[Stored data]
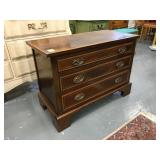 50 Mahogany low chest Mahogany low chest with inlaid drawers. 24 inches tall by 34 inches long by 17 inches deep. Talk show some discoloration.
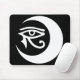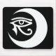 The Eye of Horus nestled within the horns of a waxing crescent moon.
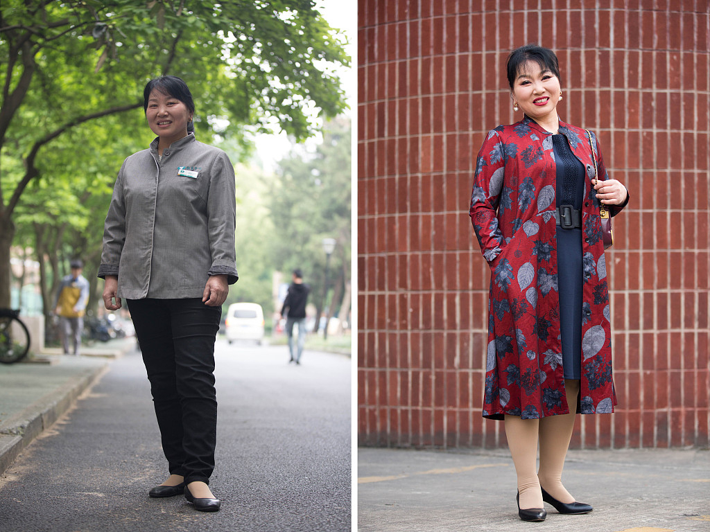They work on campus as cleaners or dorm supervisors, wearing grey uniforms. So the students decided to dress them up and record their beauty with photos. /VCG Photo
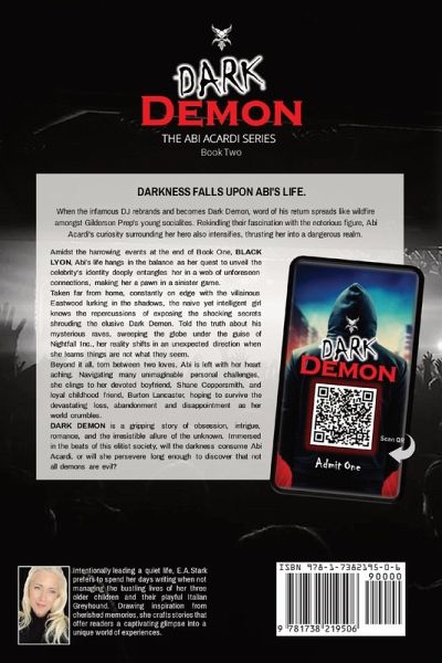 THE ABI ACARDI SERIES: Book 2 DARKNESS FALLS UPON ABI'S LIFE. When the infamous DJ rebrands and becomes Dark Demon, word of his return spreads like wildfire amongst Gilderson Prep's affluent young socialites, rekindling their fascination with the notorious figure. Abi Acardi's curiosity surrounding her hero also intensifies, thrusting her into a dangerous realm. Amidst the harrowing events at the end of Book One, BLACK LYON, Abi's life hangs in the balance as her quest to unveil the celebrity's identity deeply entangles her in a web of unforeseen connections, making her a pawn in a sinister game. Taken far from home, constantly on edge with the villainous Eastwood lurking in the shadows, the naïve yet intelligent girl knows the repercussions of exposing the shocking secrets shrouding the elusive Dark Demon. Told the truth about his mysterious raves, sweeping the globe under the guise of Nightfall Inc., her reality shifts in an unexpected direction when she learns things are not what they seem. Beyond it all, torn between two loves, Abi is left with her heart aching. Navigating many unimaginable personal challenges, she clings to her devoted boyfriend, Shane Coppersmith, and her loyal childhood friend, Burton Lancaster, hoping to survive the devastating loss, abandonment, and disappointment as her world crumbles. DARK DEMON is a gripping story of obsession, intrigue, romance, and the irresistible allure of the unknown. Immersed in the beats of this elitist society, will the darkness consume Abi Acardi, or will she persevere long enough to discover that not all demons are evil?
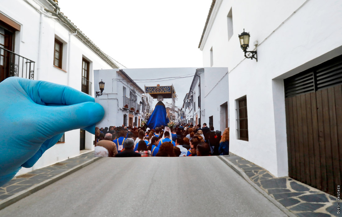 Фотография религиозного шествия в Ронде, сделанная год назад. В Испании запретили проводить массовые мероприятия из-за коронавируса.
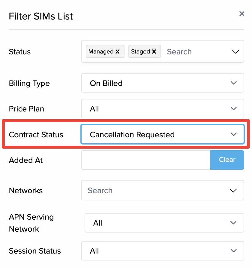 SIMs with contract cancellation requested will show an icon next to to the Billing Type description. You can also filter on the SIMs screen by Contract Status = Cancellation Requested.
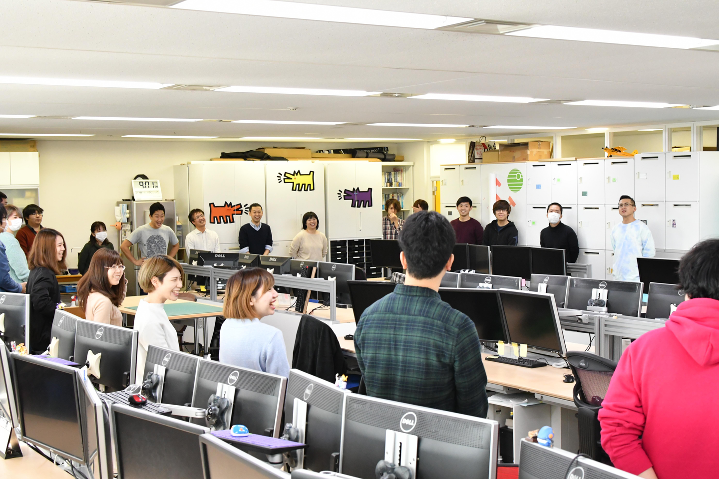 社員一同、一目散にオフィス中央へ集まり、お土産やお菓子の争奪戦が勃発します!
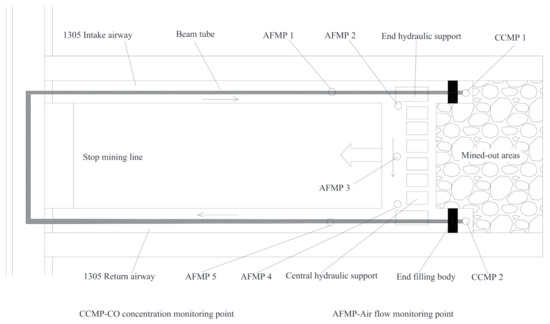 The main purpose of plugging the channel end is to prevent the fresh air from going into the mined-out areas. Otherwise, the residual coals in the areas would be oxidized, producing toxic CO, which would accumulate at the end and poses danger to the operation of the mining in the working face. In addition, the large size channels resulting from the collapse of the end would lead to the air loss and thus cause airflow loss. Therefore, CO concentration and the airflow were selected as the two key indicators for the evaluation of the plugging and filling effect. The monitoring point for CO concentration was set at the end of the working face, and the collection of and concentration testing of CO were done through the JSG-7 monitoring system. The airflow speed was measured through the DFA-IV airflow meter by the means of a four-line method. Then, the section areas of the monitoring points in the roadway were measured. Through calculation, the airflow of the monitoring points can be obtained. The arrangement of the monitoring points for the CO concentration and airflow is shown in Figure 13.
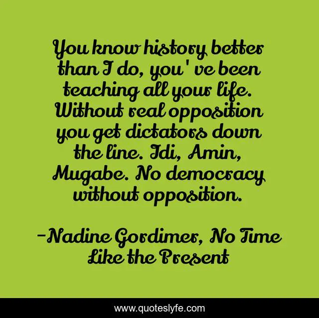This page presents the quote "You know history better than I do, you've been teaching all your life. Without real opposition you get dictators down the line. Idi, Amin, Mugabe. No democracy without opposition.". Author of this quote is Nadine Gordimer, No Time Like the Present. This quote is about democracy, dictatorship,.
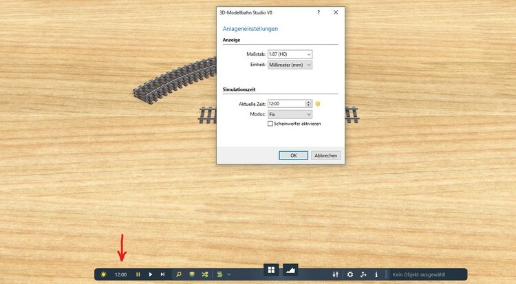 Hallo @Neo, ich habe eine ganze Weile das Fenster "Anlageneinstellungen" gesucht, in dem der Maßstab einer Anlage verändert werden kann. (Bild von V7) Nach langem Suchen habe ich es gefunden. Hier finde ich den Text "Simulationszeit einstellen" etwas verwirrend, der eingeblendet wird, wenn man mit der Maus auf die Uhrzeit fährt. Hier wäre den Oberbegriff "Anlageneinstellungen", so wie wir ihn aus V7 kennen, sinnvoller, da ja nicht nur die Simulationszeit, sondern auch der Maßstab eingestellt werden kann. Ist der Beta-Test eigentlich schon beendet? Viele Grüße, Hawkeye
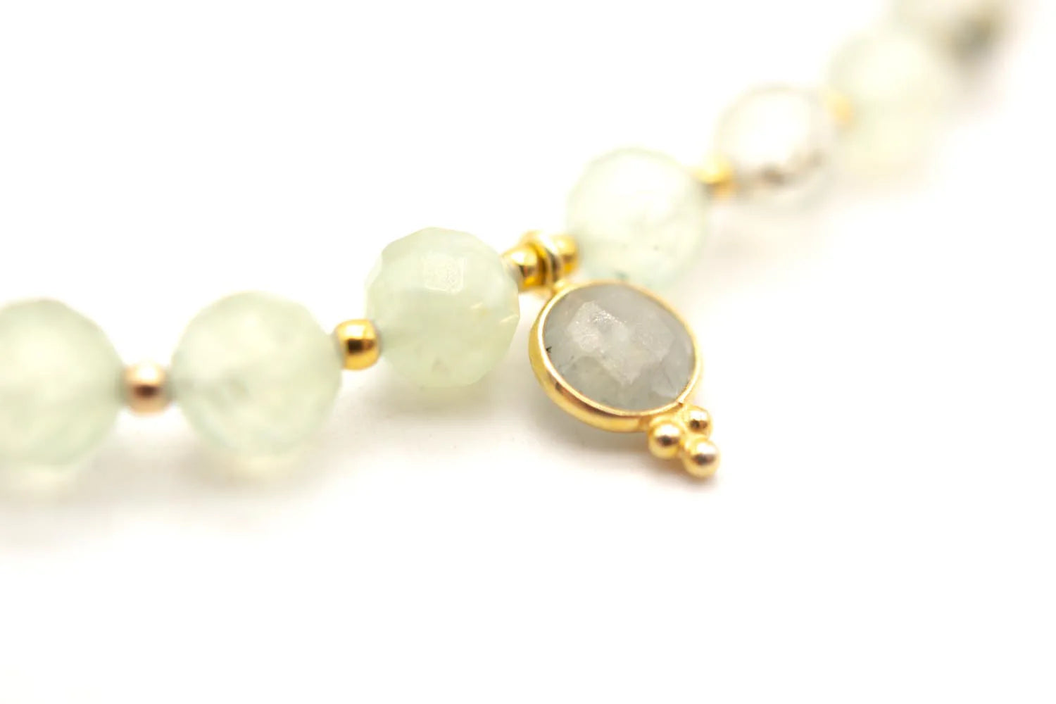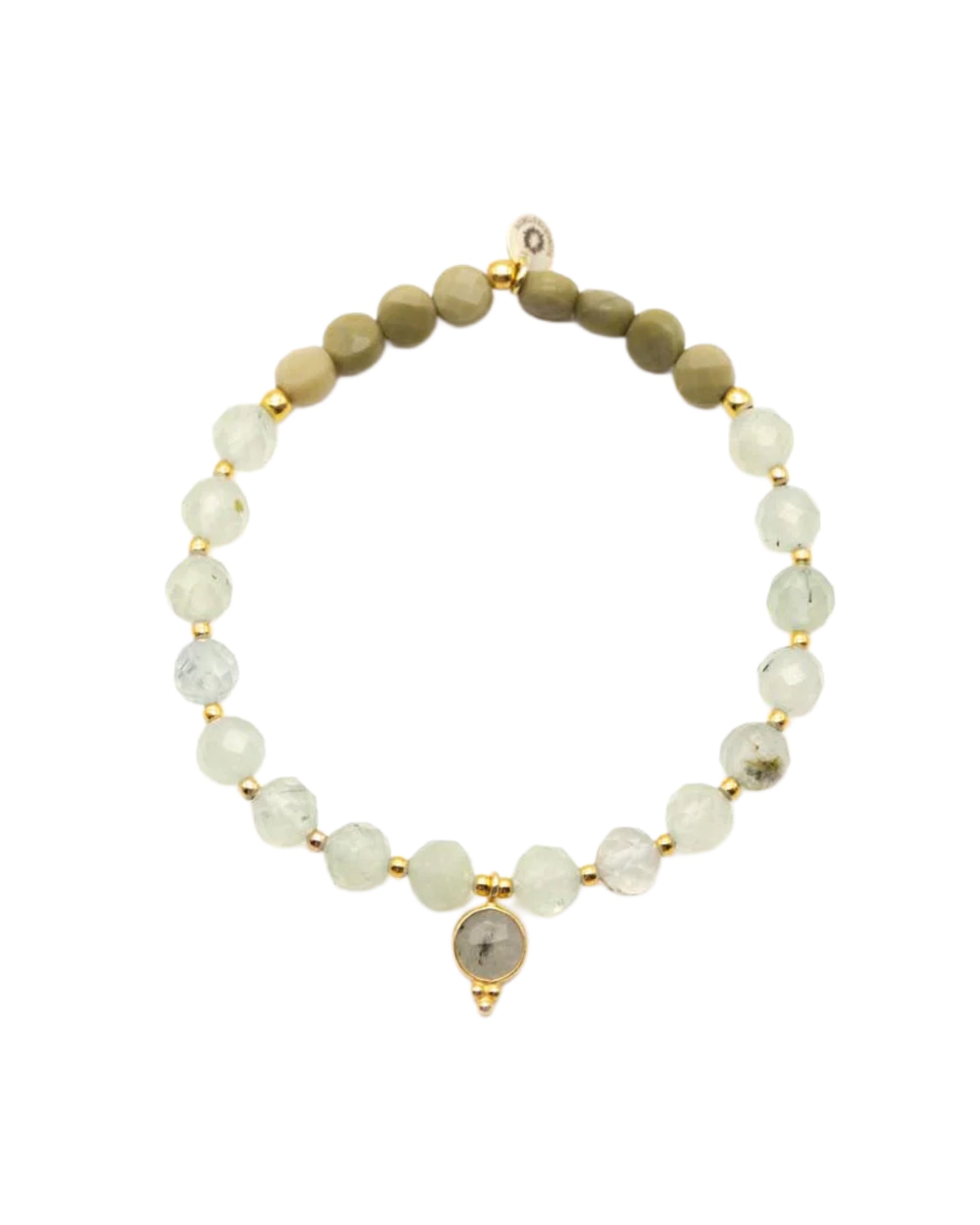 Armband auf Elastikband mit Sterlingsilber vergoldet, Perlen (6mm) aus Prehnit und Jaspis, Prehnit-Anhänger
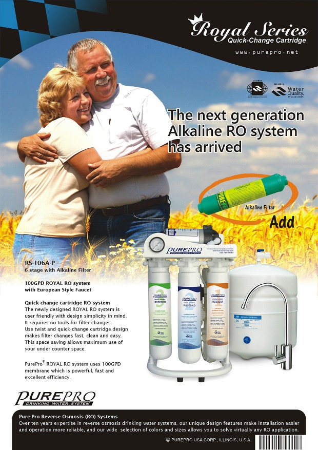 RS-106A-P is a super quality 6 stage filter system comes with PurePro® Alkaline Filter, to offer the very best in water filtration and balanced pH water for drinking. Using reverse osmosis technologies with alkaline filter can actually remove 99.99% of contaminants and provide people with healthy alkaline drinking water.
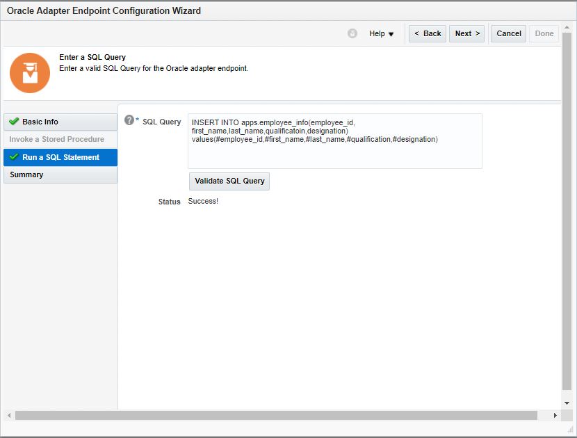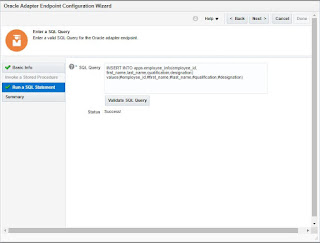 - Enter below insert query in SQL query box and Click Validate SQL query to validate the entered query and Click Next button
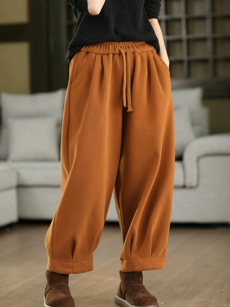 Pantaloni harem invernali retrò da donna, foderati in pile, colore puro
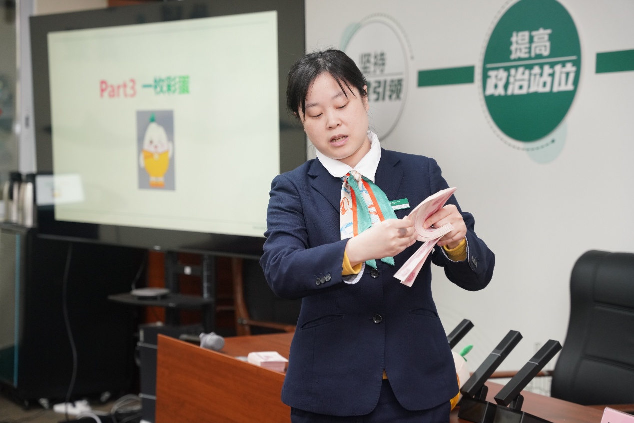 紧接着,一场令人屏息的“花式点钞”表演,瞬间将微课堂的热闹氛围推向了最高潮。工作人员身着整齐制服,手持一叠崭新的练功券走到台前,“单指单张”“多指多张”“扇面点钞”……整个过程行云流水,一场指尖上的“魔术”让孩子们看得目不转睛。
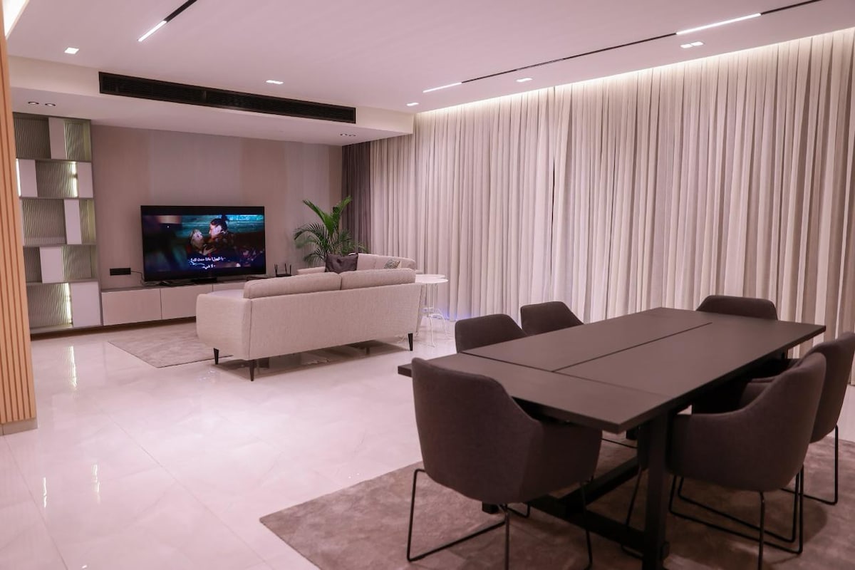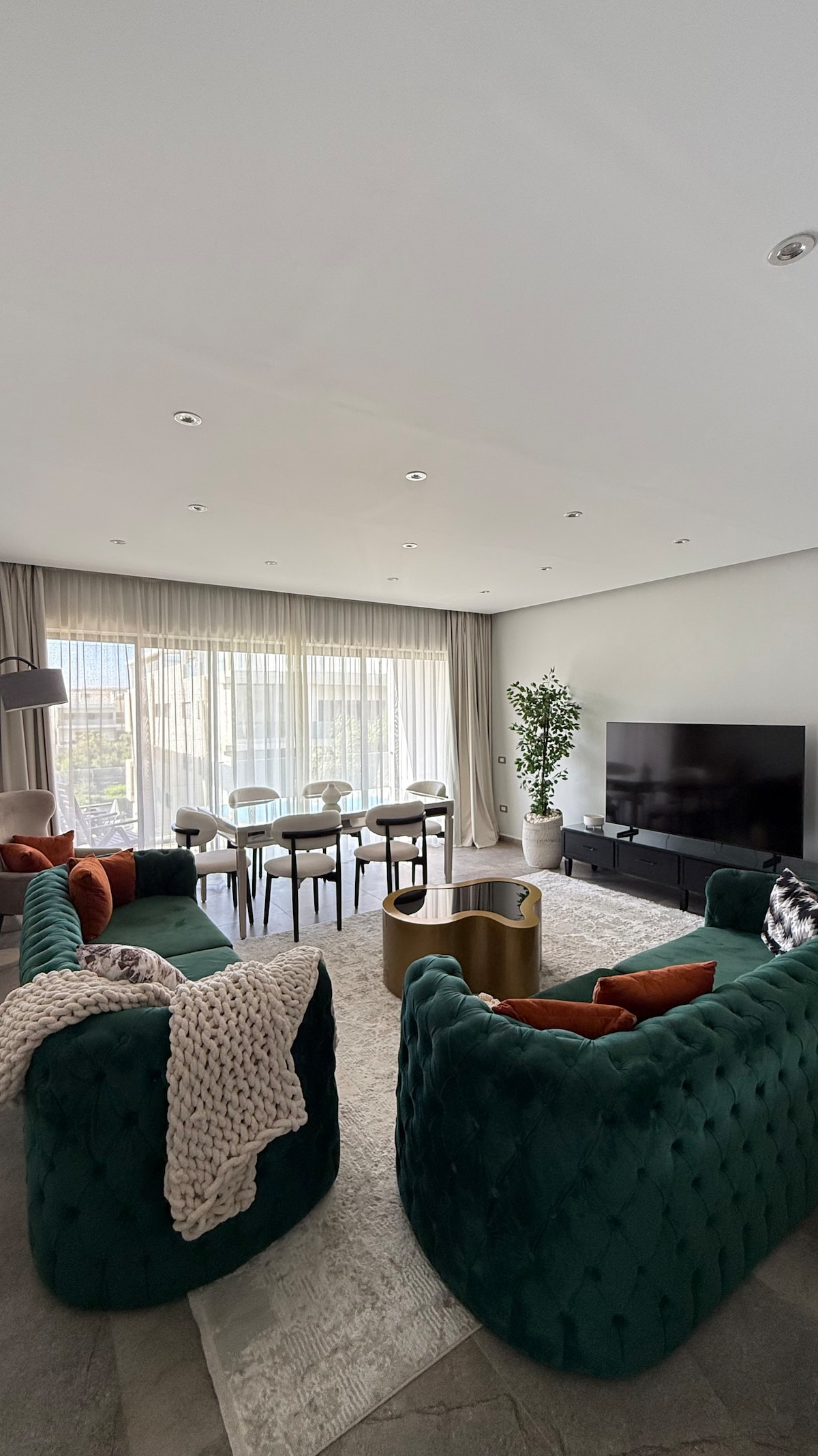 Experience luxury in this 3-bedroom apartment in a 24/7 secure compound in New Cairo--25 mins from the airport. Features a master bedroom, smart TVs, high-speed Wi-Fi, and premium furniture with luxury dinning set. Enjoy a shared pools, green spaces, and beautiful views. Close to top malls, cinemas, restaurants and everything you need. Perfect for families or business stays, book your stay now

● **TASK ITEM**:
Nothing outside the stretch above, from the line with "SIMs with contract" through the line with "社員一同、一目散にオフィス中央へ集まり、お土産やお菓子の争奪戦が勃発します!", is set down. Transcribe that stretch exactly, ends included, but not its pictures.

● **SOLUTION FOR THIS PROBLEM**:
 SIMs with contract cancellation requested will show an icon next to to the Billing Type description. You can also filter on the SIMs screen by Contract Status = Cancellation Requested.
 社員一同、一目散にオフィス中央へ集まり、お土産やお菓子の争奪戦が勃発します!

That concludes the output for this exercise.